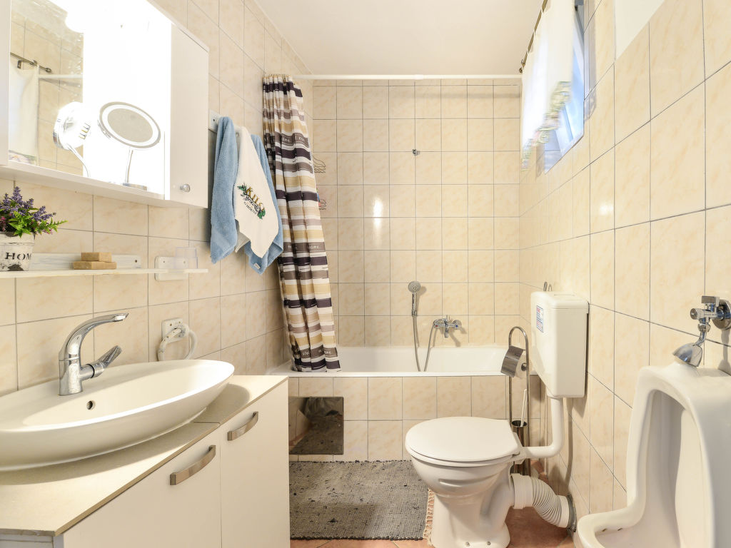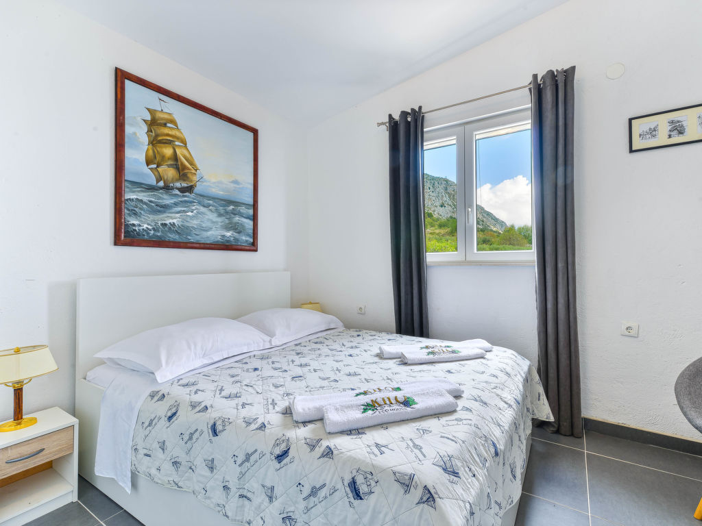 Einfamilienhaus "Kilo (OMI305)", auf 2 Stockwerken. Oberhalb von Krilo Jesenice, 5 km vom Zentrum von Krilo Jesenice, 6 km vom Zentrum von Dugi Rat, 11 km vom Zentrum von Omiš, alleinstehende Lage, 5 km vom Meer. Zur Alleinbenutzung: Grundstück 400 m2 mit Rasen und Pflanzen, Schwimmbad (7 x 3 m, 24 m2, 150 cm tief, 04.04.-06.11.) mit Innentreppe. Pergola, Terrasse, Gartenmöbel, Grill. Im Hause: Internetzugang, Waschmaschine. 650 m lange schmale Zufahrt (Naturweg). Parkplatz (für 3 Autos) auf dem Grundstück. Einkaufsgeschäft 5 km, Kieselstrand 5 km. Zur privaten Nutzung: Traditionelle Taverne. Videoüberwachung der Immobilie.
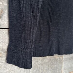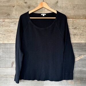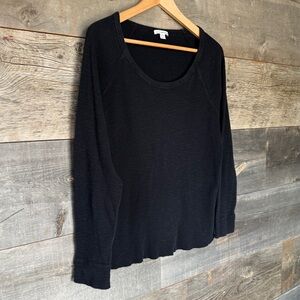 James Perse Women’s Raglan Long Sleeve Thermal Waffle Knit Tee Black Casual M
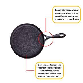Com a nossa tapioqueira você tem todos os benefícios do ferro fundido, como retenção e distribuição uniforme do calor e com a arte em relevo no fundo - uma exclusividade do Mocotó - sua tapioca fica super crocante por conta do aumento da superfície e também da textura do próprio material. Você nunca mais vai querer usar outra frigideira!
_ _ _ _ _
An exact printout of the listing is needed, minus any pictures it contains.

 Einfamilienhaus "Kilo (OMI305)", auf 2 Stockwerken. Oberhalb von Krilo Jesenice, 5 km vom Zentrum von Krilo Jesenice, 6 km vom Zentrum von Dugi Rat, 11 km vom Zentrum von Omiš, alleinstehende Lage, 5 km vom Meer. Zur Alleinbenutzung: Grundstück 400 m2 mit Rasen und Pflanzen, Schwimmbad (7 x 3 m, 24 m2, 150 cm tief, 04.04.-06.11.) mit Innentreppe. Pergola, Terrasse, Gartenmöbel, Grill. Im Hause: Internetzugang, Waschmaschine. 650 m lange schmale Zufahrt (Naturweg). Parkplatz (für 3 Autos) auf dem Grundstück. Einkaufsgeschäft 5 km, Kieselstrand 5 km. Zur privaten Nutzung: Traditionelle Taverne. Videoüberwachung der Immobilie.
 James Perse Women’s Raglan Long Sleeve Thermal Waffle Knit Tee Black Casual M
Com a nossa tapioqueira você tem todos os benefícios do ferro fundido, como retenção e distribuição uniforme do calor e com a arte em relevo no fundo - uma exclusividade do Mocotó - sua tapioca fica super crocante por conta do aumento da superfície e também da textura do próprio material. Você nunca mais vai querer usar outra frigideira!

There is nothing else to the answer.